**PROVIDED RECORDS**.
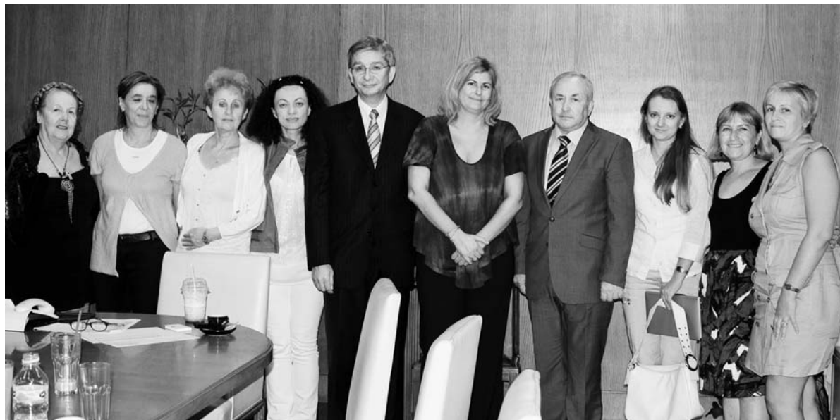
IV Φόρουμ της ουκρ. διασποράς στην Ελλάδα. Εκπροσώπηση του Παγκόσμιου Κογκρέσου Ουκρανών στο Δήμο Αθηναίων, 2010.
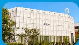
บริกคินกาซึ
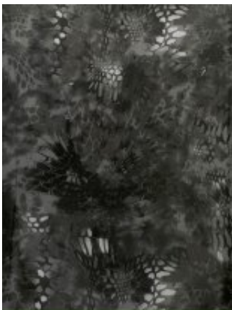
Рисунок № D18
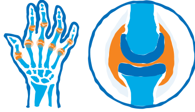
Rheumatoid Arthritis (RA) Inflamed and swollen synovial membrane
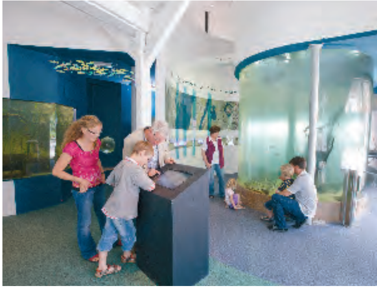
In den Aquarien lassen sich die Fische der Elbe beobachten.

* * *

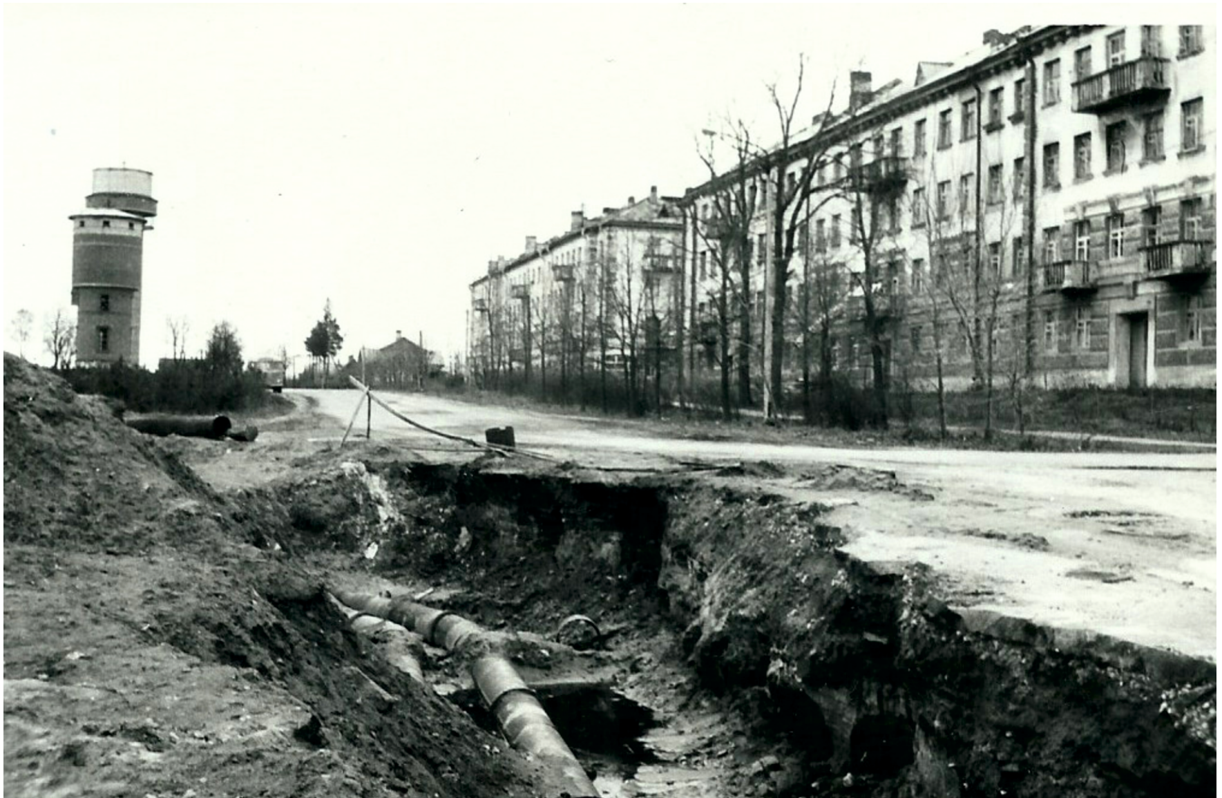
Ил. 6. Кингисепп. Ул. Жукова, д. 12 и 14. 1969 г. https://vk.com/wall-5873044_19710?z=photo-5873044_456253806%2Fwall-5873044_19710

==

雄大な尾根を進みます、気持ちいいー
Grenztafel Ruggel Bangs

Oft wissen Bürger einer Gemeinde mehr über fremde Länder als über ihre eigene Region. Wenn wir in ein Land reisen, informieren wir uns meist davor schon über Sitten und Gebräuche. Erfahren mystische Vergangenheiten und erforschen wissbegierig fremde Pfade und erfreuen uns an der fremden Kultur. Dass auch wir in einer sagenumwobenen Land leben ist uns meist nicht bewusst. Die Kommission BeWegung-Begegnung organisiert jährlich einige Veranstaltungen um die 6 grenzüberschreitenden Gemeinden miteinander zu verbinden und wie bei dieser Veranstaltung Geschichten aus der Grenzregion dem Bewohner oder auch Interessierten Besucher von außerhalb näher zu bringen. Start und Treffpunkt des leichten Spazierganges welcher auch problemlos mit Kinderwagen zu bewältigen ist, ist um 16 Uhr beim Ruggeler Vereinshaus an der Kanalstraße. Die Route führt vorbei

**YOUR OBJECTIVE**.
The data above holds the lines to copy: start at the one with "Рисунок № D18", stop at the one with "In den Aquarien", include both, copy them exactly without pictures, and copy nothing else.

**YOUR RESPONSE**.
Рисунок № D18
Rheumatoid Arthritis (RA) Inflamed and swollen synovial membrane
In den Aquarien lassen sich die Fische der Elbe beobachten.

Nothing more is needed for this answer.